## Description of the task
Your task is to print all of the data below exactly, with no pictures included.

## Data extract
++++++++

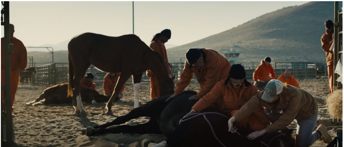
Obrázek 9 Scéna, kde ošetřují koně

Ve scéně, kdy je hlavní herec konečně schopen nasednout na koně a běhat v ohradě dokola, se o akci postaral koordinátor kaskadérů. Ve stejné scéně, kdy herec z koně spadne, předvedl základní pád z koně kaskadér. Kůň byl pro tuto akci kondičně připraven.
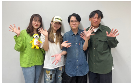
トリックアート企画メンバー

++++++++

## Output for this exercise
Obrázek 9 Scéna, kde ošetřují koně

Ve scéně, kdy je hlavní herec konečně schopen nasednout na koně a běhat v ohradě dokola, se o akci postaral koordinátor kaskadérů. Ve stejné scéně, kdy herec z koně spadne, předvedl základní pád z koně kaskadér. Kůň byl pro tuto akci kondičně připraven.
トリックアート企画メンバー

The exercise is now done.